Meric-Bernstam: As you know, cancer metabolism is an interesting target nowadays that is increasingly being exploited. Glucose and glutamine are nutrients. Glutaminase modulates glutamine conversion into glutamate, enhancing its utilization. Glutaminase is expressed at high levels in RCC. In vitro, RCC cells are sensitive to telaglenastat, the glutaminase inhibitor. Telaglenastat and cabozantinib also appeared to be synergistic [in preclinical studies]. In vivo, antitumor activity is enhanced with this combination therapy, leading to the rationale for this clinical trial.

What was the design of the study?

This is a phase I combination with cabozantinib given at 60 mg per day and telaglenastat administered at 600 mg or 800 mg twice daily. We enrolled 13 patients; 11 of the patients had clear cell RCC and the other 2 had papillary disease. This trial was done in a population of patients who had received a median 3 lines of prior therapy. One-third of patients had 2 lines of prior VEGF-targeted therapy.

What were the findings?

Overall, we saw that this was a tolerable combination therapy. The recommended phase II dose of telaglenastat in this combination was 800 mg twice daily, which is the same as the recommended dose for the monotherapy. The AE profile was very similar to what we see with cabozantinib alone, and we saw that preliminary efficacy was promising. In the 13 patients enrolled, 12 were evaluable for response. Of those patients, 2 had papillary carcinoma. In the overall population, the ORR was 42%. In the 10 patients with clear cell RCC, the ORR was 50%.

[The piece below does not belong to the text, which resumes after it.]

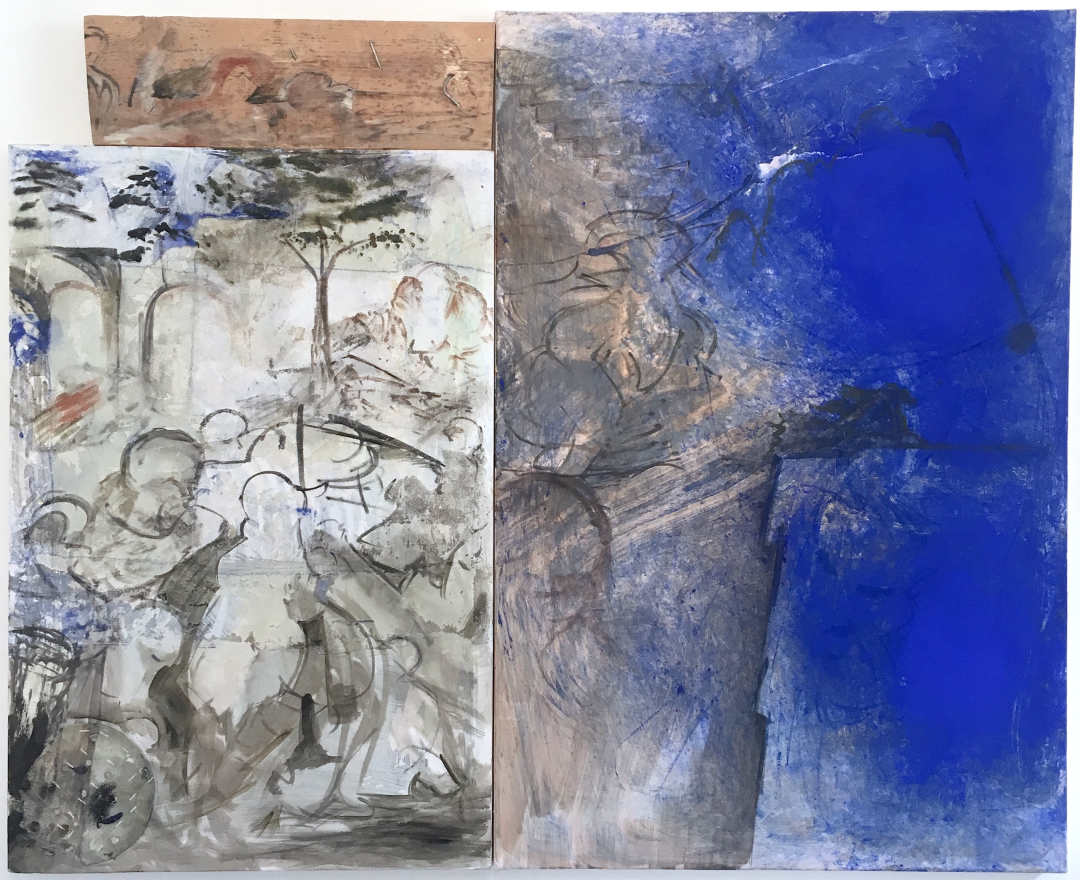 “蓝色和绿色的崇拜”,2019 年油画、蜡、木炭、干颜料和拼贴画布和面板 30" x 38"

Looking at the trends of the response was also interesting. We had some deep responses in patients who were heavily pretreated with multiple lines of therapy. Also looking at the duration of response, we had 5 patients who received 14 months of treatment or more. At the time of data cut-off, 3 patients were still on treatment. Also notable was that some patients had early responses, and interestingly, some patients had delayed responses. This underscores the need for further follow-up.

What are the next steps for this research?

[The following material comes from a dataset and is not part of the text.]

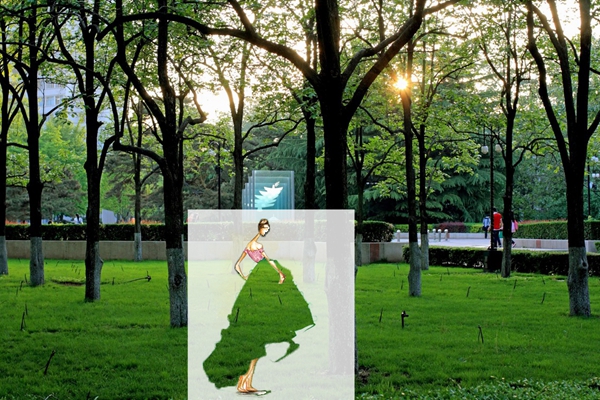 都说一日之计在于晨,嫩绿的草地,初升的太阳,明媚的女子拖着长长的绿色裙摆,缓步轻走。
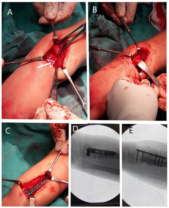 Intra-operative images: (A) intra-operative aspect with arrow pointing at the extensor carpi radialis longus tendon malpositioned on the volar side of the fracture site, in a spiral fashion around the proximal radius; (B) tendon of the extensor carpi radialis longus muscle reduced by passing the tendon through the fracture site to the dorsal side of the radius; (C) intra-operative aspect of the final fixation with locking plate placed on the dorsal aspect of the radius, proximal to the growth plate; (D) intra-operative fluoroscopy AP image demonstrating satisfactory reduction of the fracture and final fixation; and (E) fluoroscopy image in lateral view demonstrating adequate reduction and fixation as well as screw length.

Based on these data, a phase II study has been initiated and is accruing. This is obviously a very interesting time in RCC treatment algorithms, so I'm hoping with time we will be able to identify the best combination therapy and the best sequence. But there's no doubt that this combination is promising. The randomized trial has registrational intent.

Meric-Bernstam F, Lee RJ, Carthon BC, et al. CB-839, a glutaminase inhibitor, in combination with cabozantinib in patients with clear cell and papillary metastatic renal cell cancer (mRCC): results of a phase I study. J Clin Oncol. 2019;37(suppl 7; abstr 549). doi: 10.1200/JCO.2019.37.7_suppl.549.